*WORK TASK*. Please repeat the entire listing verbatim and keep the pictures out.

*PROVIDED DATA*.
══════════
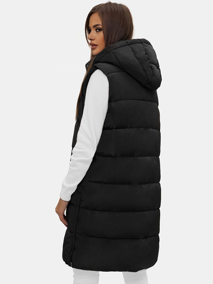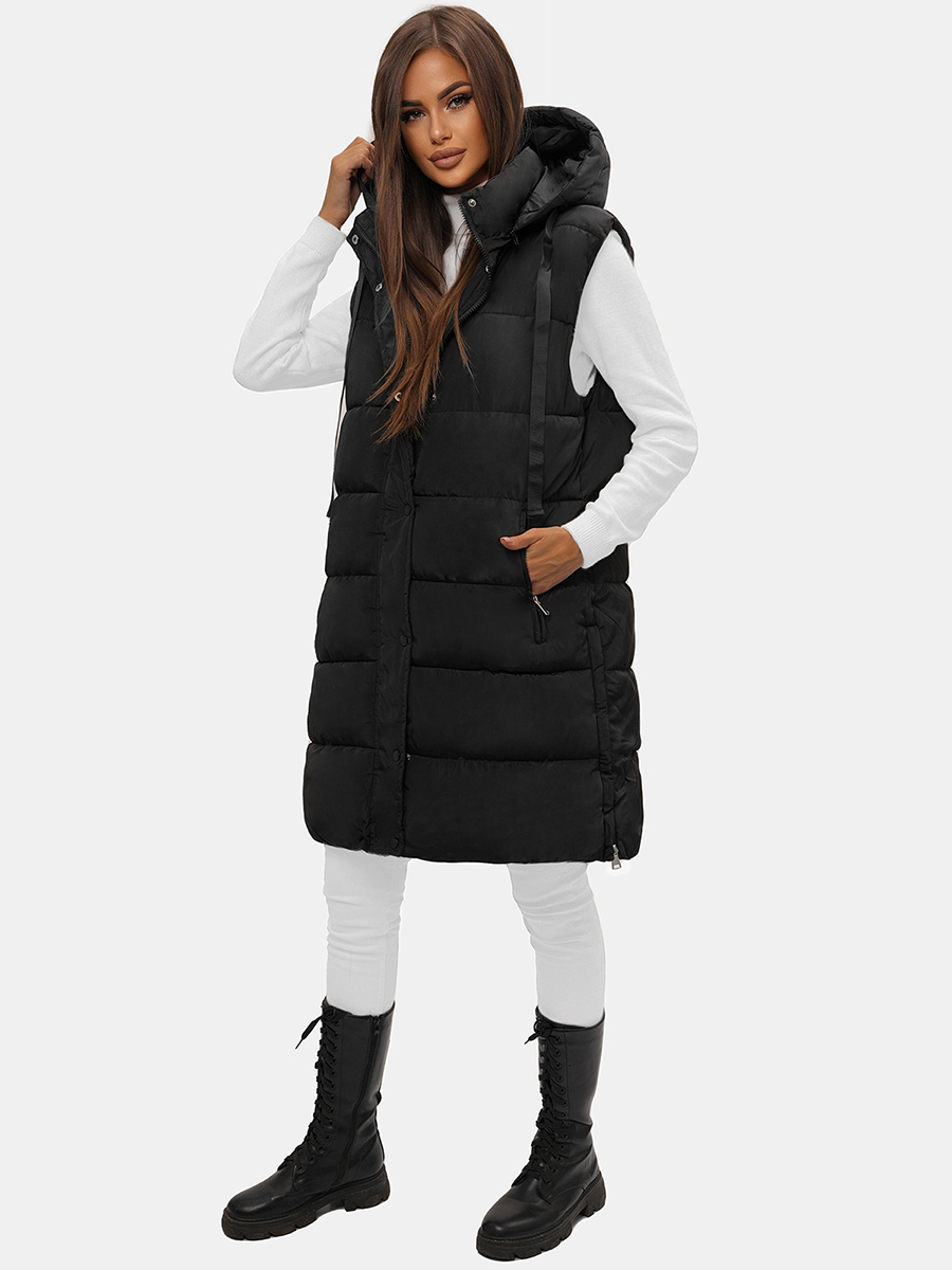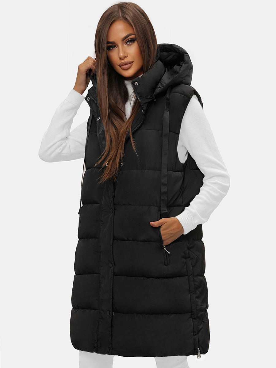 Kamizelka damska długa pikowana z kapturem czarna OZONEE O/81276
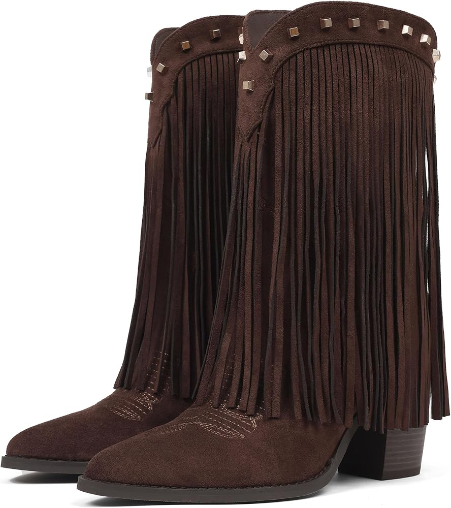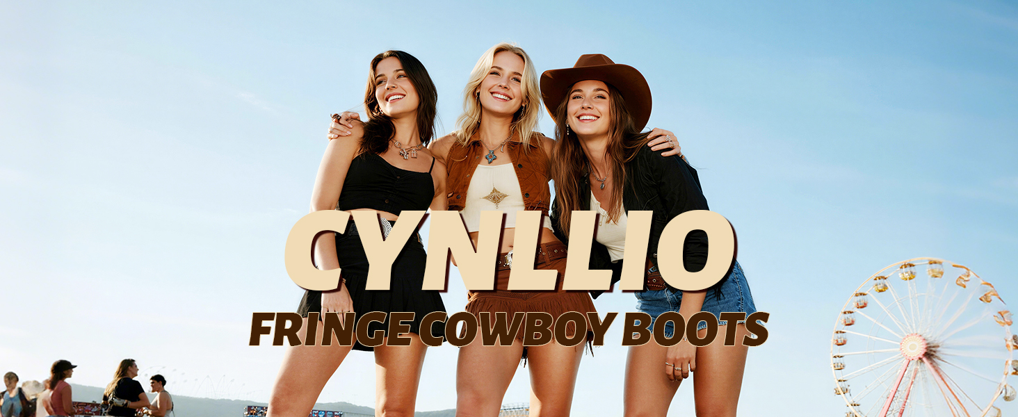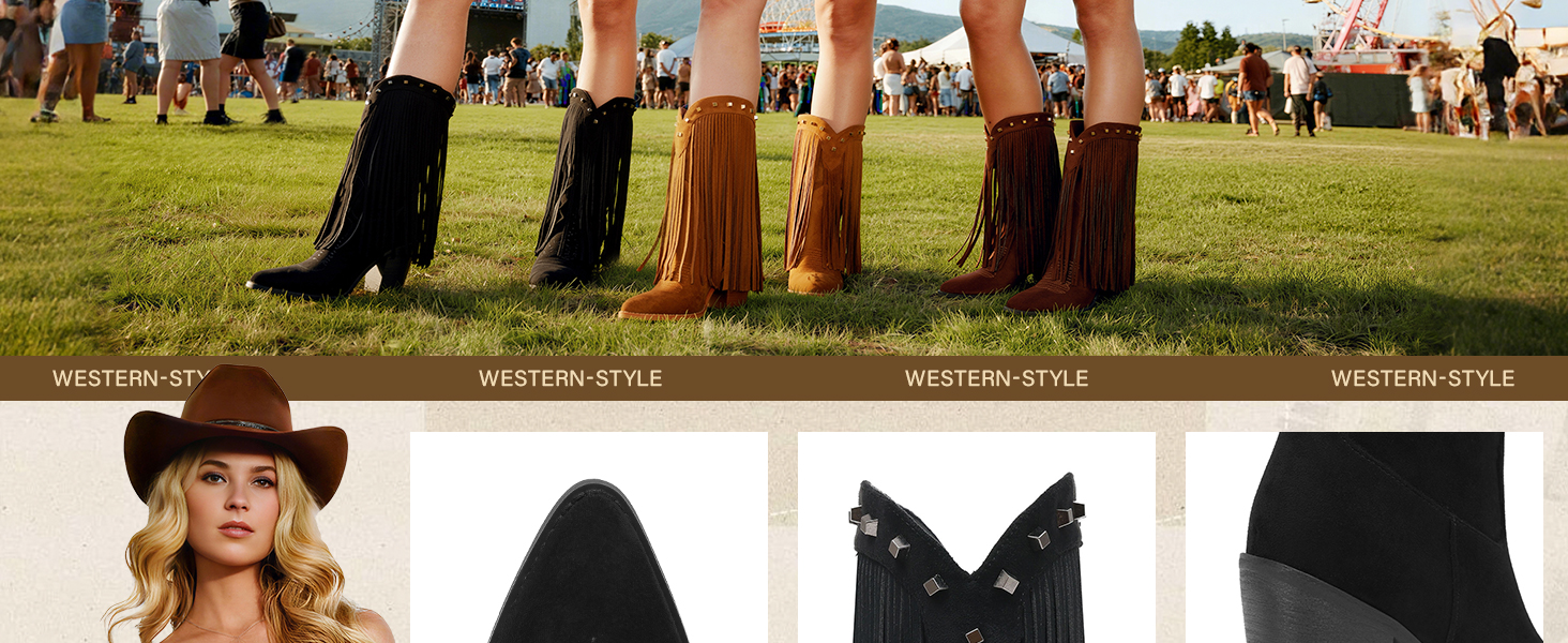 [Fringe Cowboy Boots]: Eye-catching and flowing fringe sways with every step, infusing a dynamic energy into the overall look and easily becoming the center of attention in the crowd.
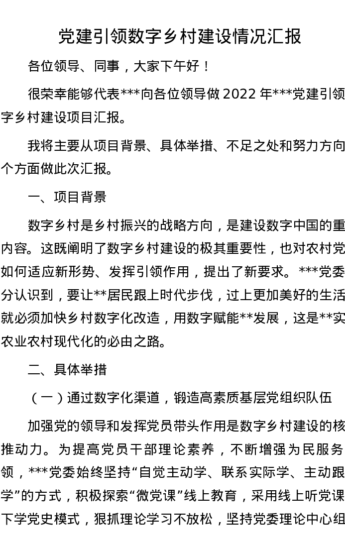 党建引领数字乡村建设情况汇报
══════════
*THE ANSWER*.
 Kamizelka damska długa pikowana z kapturem czarna OZONEE O/81276
 [Fringe Cowboy Boots]: Eye-catching and flowing fringe sways with every step, infusing a dynamic energy into the overall look and easily becoming the center of attention in the crowd.
 党建引领数字乡村建设情况汇报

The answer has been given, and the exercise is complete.